> **TASK DESCRIPTION**: With the images removed, return every line below exactly as it reads.

> **DATA SEGMENT**:
▼▼▼

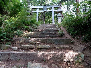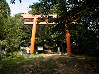 | 中間点となる石の鳥居は十四丁目 | 太郎神社直下の赤い鳥居は二十三丁目 | 山頂の一角にある太郎神社 |
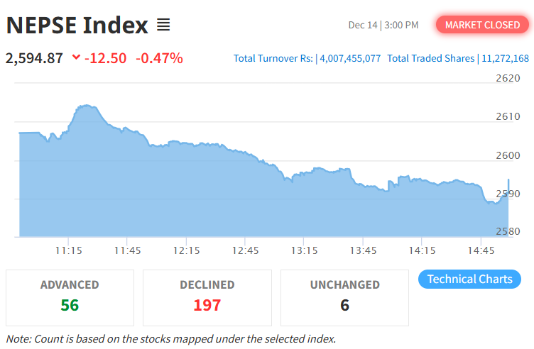 यस दिन नेप्से घटेसँगै २६०० विन्दुभन्दा तल झरेको छ। नेप्से परिसूचक १४ कारोबार दिनपछि २६०० विन्दुभन्दा तल झरेको हो। यस अघि गत मंसिर ४ गते नेप्से २६०० विन्दुमुनि बन्द भएको थियो।
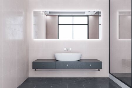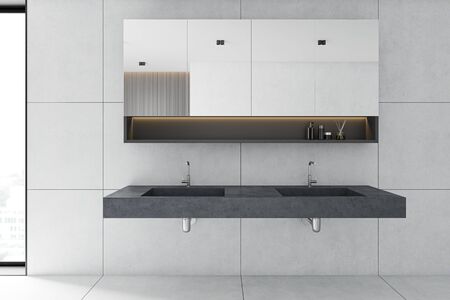 Interior of stylish spacious bathroom with white tiled walls and floor, comfortable stone double sink and cabinet with mirrors above it. 3d rendering

▲▲▲

> **TASK RESPONSE**:
 | 中間点となる石の鳥居は十四丁目 | 太郎神社直下の赤い鳥居は二十三丁目 | 山頂の一角にある太郎神社 |
 यस दिन नेप्से घटेसँगै २६०० विन्दुभन्दा तल झरेको छ। नेप्से परिसूचक १४ कारोबार दिनपछि २६०० विन्दुभन्दा तल झरेको हो। यस अघि गत मंसिर ४ गते नेप्से २६०० विन्दुमुनि बन्द भएको थियो।
 Interior of stylish spacious bathroom with white tiled walls and floor, comfortable stone double sink and cabinet with mirrors above it. 3d rendering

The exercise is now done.